> Assignment
The reply to the records below should contain exactly the lines from the line with "Vestido ajustado de" through the line with "Однажды мне довелось", and nothing besides.

> Dataset excerpts
****

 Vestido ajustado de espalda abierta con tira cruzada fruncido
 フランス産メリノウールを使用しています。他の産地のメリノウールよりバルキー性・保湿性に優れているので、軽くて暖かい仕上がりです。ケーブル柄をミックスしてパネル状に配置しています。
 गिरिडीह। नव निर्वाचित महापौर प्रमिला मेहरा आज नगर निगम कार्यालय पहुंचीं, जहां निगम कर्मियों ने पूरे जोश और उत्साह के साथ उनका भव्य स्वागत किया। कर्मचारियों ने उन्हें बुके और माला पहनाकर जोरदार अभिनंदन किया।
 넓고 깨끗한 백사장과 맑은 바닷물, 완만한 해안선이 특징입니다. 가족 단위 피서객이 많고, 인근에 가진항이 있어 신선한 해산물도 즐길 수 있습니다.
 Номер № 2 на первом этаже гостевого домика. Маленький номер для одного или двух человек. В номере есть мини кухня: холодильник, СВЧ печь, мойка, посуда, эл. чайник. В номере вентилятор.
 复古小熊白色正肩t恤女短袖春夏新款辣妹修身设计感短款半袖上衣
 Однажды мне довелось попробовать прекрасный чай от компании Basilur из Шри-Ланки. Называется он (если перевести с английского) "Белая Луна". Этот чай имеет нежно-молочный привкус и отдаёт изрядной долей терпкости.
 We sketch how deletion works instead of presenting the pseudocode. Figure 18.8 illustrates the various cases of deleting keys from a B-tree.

****

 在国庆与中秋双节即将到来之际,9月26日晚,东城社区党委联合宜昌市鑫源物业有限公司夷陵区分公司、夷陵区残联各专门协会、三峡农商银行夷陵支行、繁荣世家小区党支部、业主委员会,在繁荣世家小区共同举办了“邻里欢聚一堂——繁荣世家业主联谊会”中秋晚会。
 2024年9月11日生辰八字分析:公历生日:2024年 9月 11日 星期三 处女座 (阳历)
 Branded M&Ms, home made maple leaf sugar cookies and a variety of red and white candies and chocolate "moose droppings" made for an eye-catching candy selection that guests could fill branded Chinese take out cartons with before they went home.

****

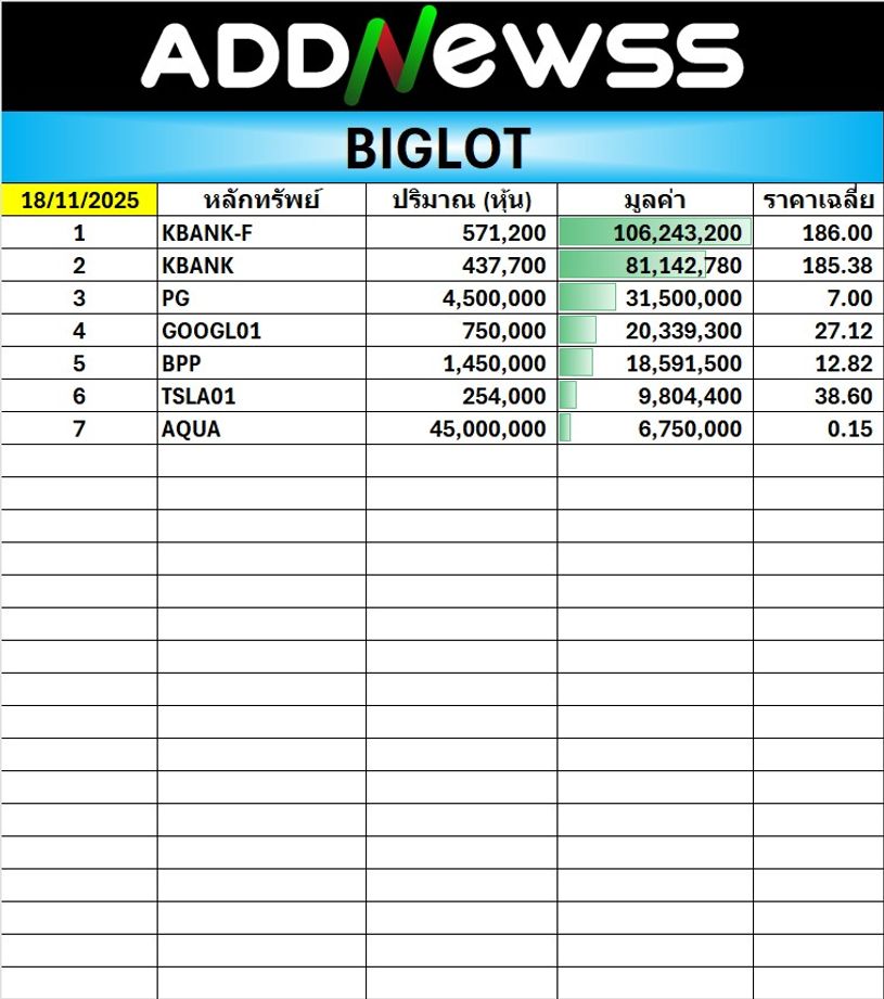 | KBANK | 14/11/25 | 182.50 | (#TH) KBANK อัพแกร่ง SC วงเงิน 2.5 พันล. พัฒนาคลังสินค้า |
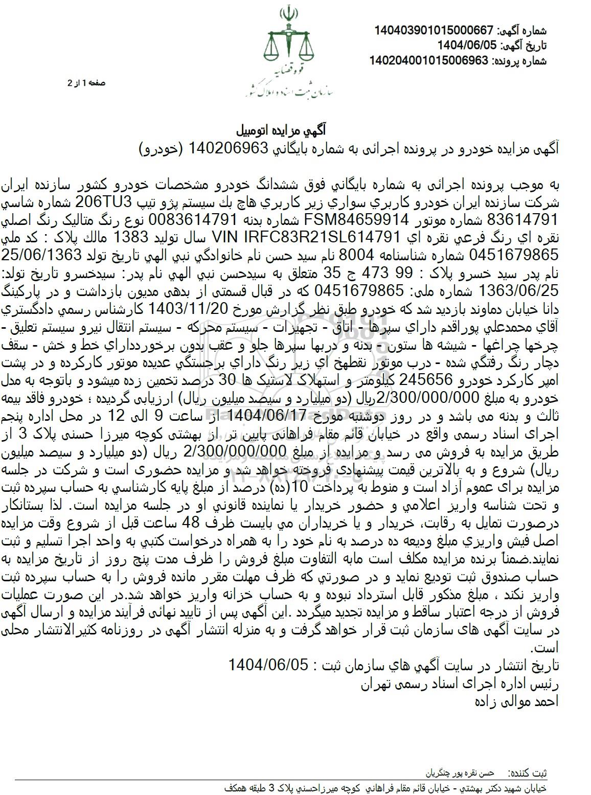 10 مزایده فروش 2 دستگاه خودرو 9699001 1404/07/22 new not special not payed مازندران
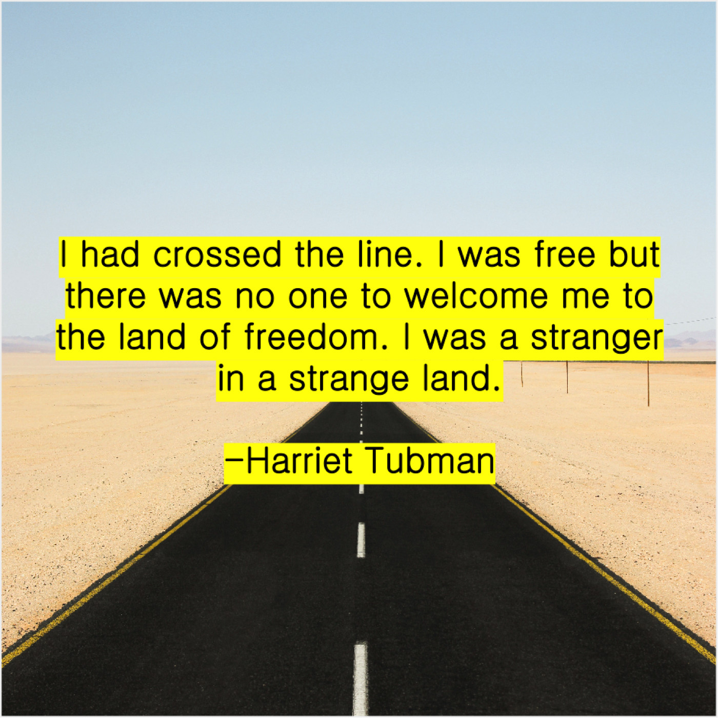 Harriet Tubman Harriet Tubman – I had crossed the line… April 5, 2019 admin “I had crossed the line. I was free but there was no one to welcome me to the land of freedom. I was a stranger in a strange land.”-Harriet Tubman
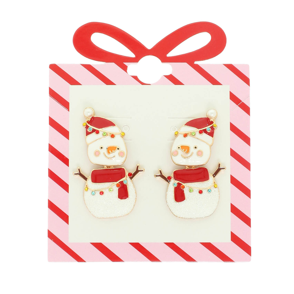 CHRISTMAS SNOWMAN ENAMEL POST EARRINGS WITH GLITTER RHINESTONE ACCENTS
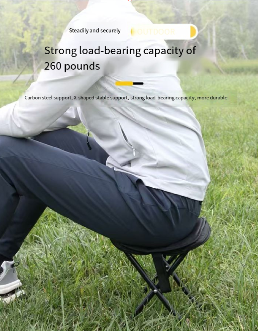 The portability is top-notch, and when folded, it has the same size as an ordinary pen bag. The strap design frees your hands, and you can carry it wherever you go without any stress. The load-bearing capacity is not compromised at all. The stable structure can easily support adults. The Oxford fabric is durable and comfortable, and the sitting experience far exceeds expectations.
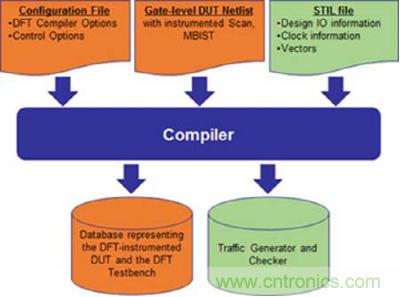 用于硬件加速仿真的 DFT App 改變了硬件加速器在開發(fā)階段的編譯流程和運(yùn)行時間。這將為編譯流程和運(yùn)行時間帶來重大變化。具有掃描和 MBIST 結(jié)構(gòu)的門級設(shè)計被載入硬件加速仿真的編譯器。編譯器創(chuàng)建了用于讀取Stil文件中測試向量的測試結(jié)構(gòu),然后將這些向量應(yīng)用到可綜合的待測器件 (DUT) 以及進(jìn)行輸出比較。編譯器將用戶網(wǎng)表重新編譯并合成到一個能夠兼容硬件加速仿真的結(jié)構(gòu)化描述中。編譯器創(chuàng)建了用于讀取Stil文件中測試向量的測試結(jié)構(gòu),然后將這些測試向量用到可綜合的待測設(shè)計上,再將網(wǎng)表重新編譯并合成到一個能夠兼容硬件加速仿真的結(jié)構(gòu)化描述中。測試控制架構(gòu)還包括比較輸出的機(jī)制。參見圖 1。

****

> Answer section
 Vestido ajustado de espalda abierta con tira cruzada fruncido
 フランス産メリノウールを使用しています。他の産地のメリノウールよりバルキー性・保湿性に優れているので、軽くて暖かい仕上がりです。ケーブル柄をミックスしてパネル状に配置しています。
 गिरिडीह। नव निर्वाचित महापौर प्रमिला मेहरा आज नगर निगम कार्यालय पहुंचीं, जहां निगम कर्मियों ने पूरे जोश और उत्साह के साथ उनका भव्य स्वागत किया। कर्मचारियों ने उन्हें बुके और माला पहनाकर जोरदार अभिनंदन किया।
 넓고 깨끗한 백사장과 맑은 바닷물, 완만한 해안선이 특징입니다. 가족 단위 피서객이 많고, 인근에 가진항이 있어 신선한 해산물도 즐길 수 있습니다.
 Номер № 2 на первом этаже гостевого домика. Маленький номер для одного или двух человек. В номере есть мини кухня: холодильник, СВЧ печь, мойка, посуда, эл. чайник. В номере вентилятор.
 复古小熊白色正肩t恤女短袖春夏新款辣妹修身设计感短款半袖上衣
 Однажды мне довелось попробовать прекрасный чай от компании Basilur из Шри-Ланки. Называется он (если перевести с английского) "Белая Луна". Этот чай имеет нежно-молочный привкус и отдаёт изрядной долей терпкости.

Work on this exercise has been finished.